MultiScale Probability Map guided Index Pooling with Attention-based learning for Road and Building Segmentation
Shirsha Bose, Ritesh Sur Chowdhury, Debabrata Pal, Shivashish Bose, Biplab Banerjee, Subhasis Chaudhuri
TL;DR
This paper tackles the joint task of road network and building footprint segmentation from high-resolution satellite imagery, a problem challenged by semantic information loss during pooling. It introduces MSSDMPA-Net, a four-path dilated-encoder architecture that employs Dynamic Attention Map Guided Index Pooling (DAMIP) and Dynamic Attention Map Guided Spatial and Channel Attention (DAMSCA), guided by multi-scale supervised probability maps (DPMG) to preserve geometry and context during downsampling and upsampling. The approach yields state-of-the-art results across seven benchmarks, with extensive ablations validating the efficacy of DAMIP, DAMSCA, and deep supervision in improving both road connectivity and building boundary accuracy. The method promises robust, high-fidelity map extraction for applications in urban planning, disaster response, and autonomous systems, and points to future work in low-shot segmentation.
Abstract
Efficient road and building footprint extraction from satellite images are predominant in many remote sensing applications. However, precise segmentation map extraction is quite challenging due to the diverse building structures camouflaged by trees, similar spectral responses between the roads and buildings, and occlusions by heterogeneous traffic over the roads. Existing convolutional neural network (CNN)-based methods focus on either enriched spatial semantics learning for the building extraction or the fine-grained road topology extraction. The profound semantic information loss due to the traditional pooling mechanisms in CNN generates fragmented and disconnected road maps and poorly segmented boundaries for the densely spaced small buildings in complex surroundings.

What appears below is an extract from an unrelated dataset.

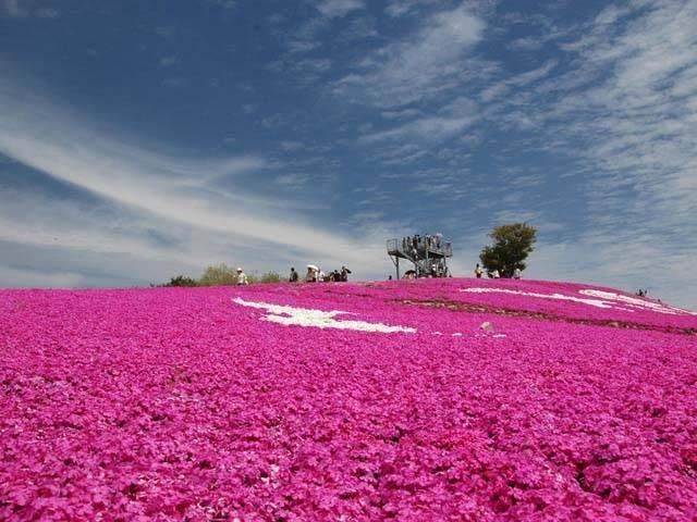 西日本最大級の丘を、鮮やかな青が彩る。丘一面に約100万本のネモフィラと、45万株の芝桜が美しく咲き誇る。

In this paper, we propose a novel attention-aware segmentation framework, Multi-Scale Supervised Dilated Multiple-Path Attention Network (MSSDMPA-Net), equipped with two new modules Dynamic Attention Map Guided Index Pooling (DAMIP) and Dynamic Attention Map Guided Spatial and Channel Attention (DAMSCA) to precisely extract the building footprints and road maps from remotely sensed images. DAMIP mines the salient features by employing a novel index pooling mechanism to retain important geometric information. On the other hand, DAMSCA simultaneously extracts the multi-scale spatial and spectral features. Besides, using dilated convolution and multi-scale deep supervision in optimizing MSSDMPA-Net helps achieve stellar performance. Experimental results over multiple benchmark building and road extraction datasets, ensures MSSDMPA-Net as the state-of-the-art (SOTA) method for building and road extraction.